As the days went by and the “fog” lifted….I could see this WAS different. This was not going to slip thru my fingers, this WAS real, this did not hurt like the others…I didn’t have to be afraid. And now I have hundreds of pictures. There is seldom a time that we are together that I don’t chronicle it with pictures. I know I do not have to be afraid. I am happy and PROUD to take them.
And so looking back, this is ONE of the first ones I took…two comets blazing……when you came in with these skins and these outfits and when YOU thought to go back here and do what we had wanted to do all along and had been too afraid to let ourselves, I think THAT was the moment. THAT was when I knew it would be ok. You WERE me and I WAS you and we were inseparable. We could not be separated by time or space. Nothing was too big for us. The past, was just that….gone. And the future….well…it always HAS been ours, NO?
[2010/03/01 2:51] El Firecaster: God ***…you are everything I have EVER wanted or needed
Vanish Firecaster smiles softly. So are you, ***.
El Firecaster reaches up to caress his face. Looking at his lips… remembering them… touching them gently …. SO pretty!
Vanish Firecaster: Just think of it.
El Firecaster pulls his shirt up and kisses his abdomen
Vanish Firecaster: We are of the two most rare of the psychological types.
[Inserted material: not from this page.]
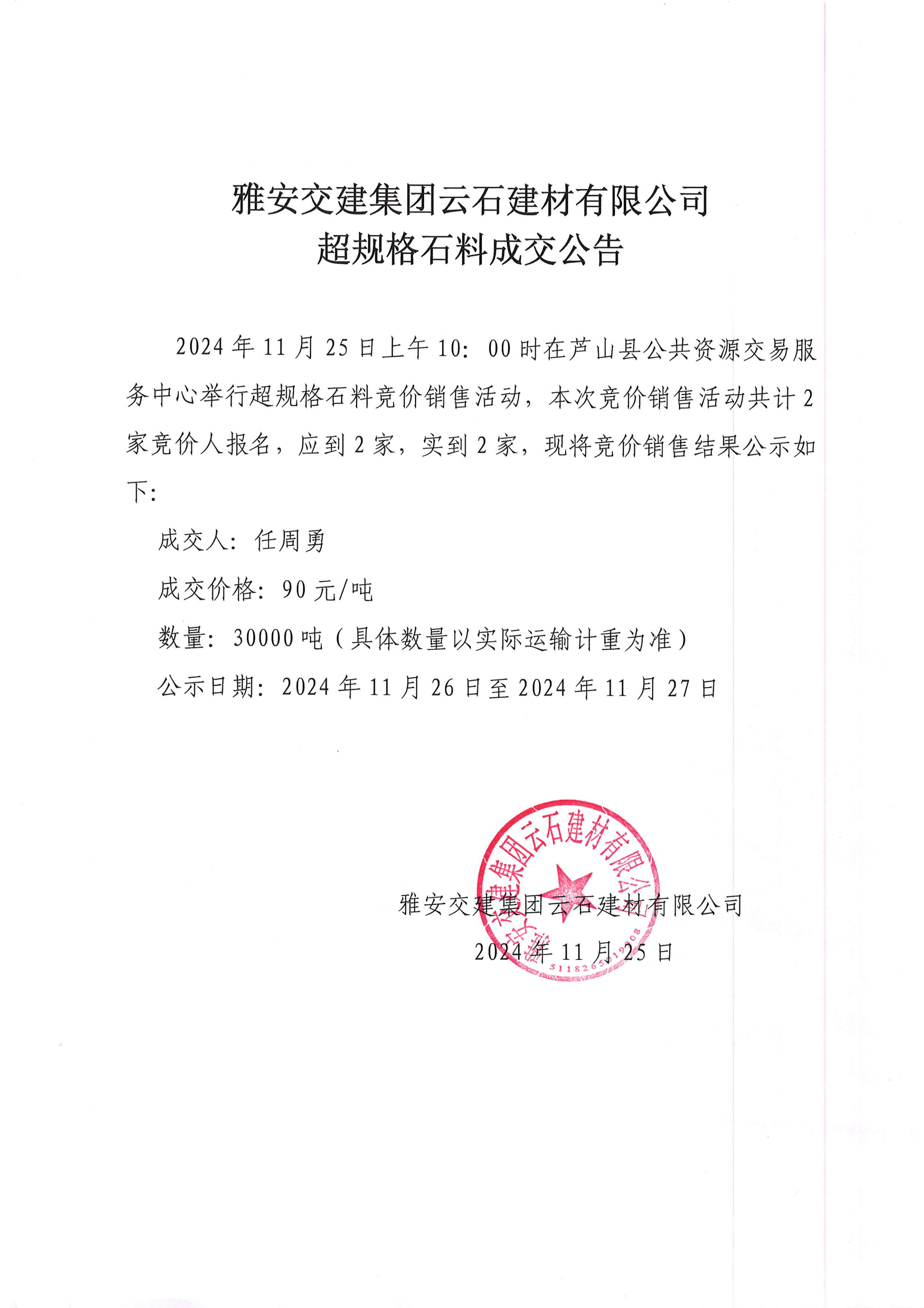 雅安交建集團(tuán)云石建材有限公司超規(guī)格石料競(jìng)價(jià)銷(xiāo)售成交公告(2024-11-26)
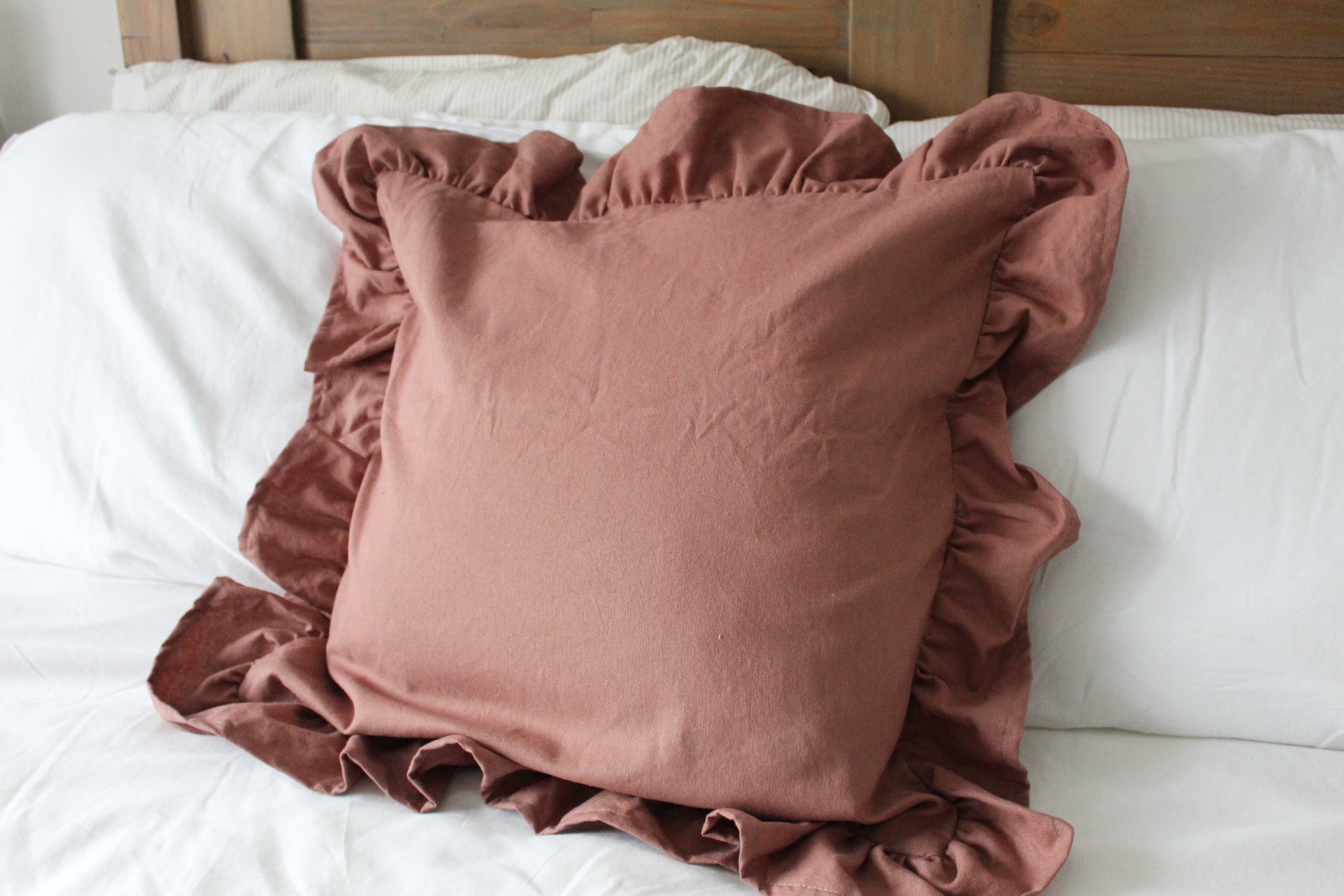 Add a touch of elegance to your home decor with this beautiful blush frilly linen cushion cover. Measuring 45 x 45cm, this cushion cover is the perfect way to update your living room or bedroom with a chic and stylish look. Made from high-quality linen, it is not only stylish but also durable and easy to care for. Elevate your space with this sophisticated cushion cover that effortlessly blends classic floral design with a contemporary color palette.

There’s less than one in a hundred for each of us.
El Firecaster: oh MY! Really?
Vanish Firecaster: Yes.
El Firecaster smiles… we really ARE different!
Vanish Firecaster: I’m so glad I found you.
El Firecaster: Now I know why we could not have met earlier! Can you imagine what our poor kids would have been like…they wouldn’t have had a chance!
Vanish Firecaster laughs. Awwww.
El Firecaster laughs
Vanish Firecaster rocks her gently.
El Firecaster smiles softly. Yes… it feels SO good to be found!
Vanish Firecaster: I’ll never let you go. I know what I found.
El Firecaster: promise?
Vanish Firecaster: I know I’ll never find it again. I won’t let go.
El Firecaster smiles, burying her face in his abdomen, feeling a tear…
El Firecaster: I could not BEAR to be without you, love.
Vanish Firecaster kisses her hair softly.
Vanish Firecaster: We won’t. I’ll do EVERYTHING in my power to keep you.
El Firecaster nods, kissing his tummy over and over, grabbing his hand and holding it tight against her face.
Vanish Firecaster smiles softly…caresses her cheek.
El Firecaster looks up at him, a tear falling down her cheek.
El Firecaster: you mean everything to me, ***.
[2010/03/01 2:59] Vanish Firecaster: So do you, love.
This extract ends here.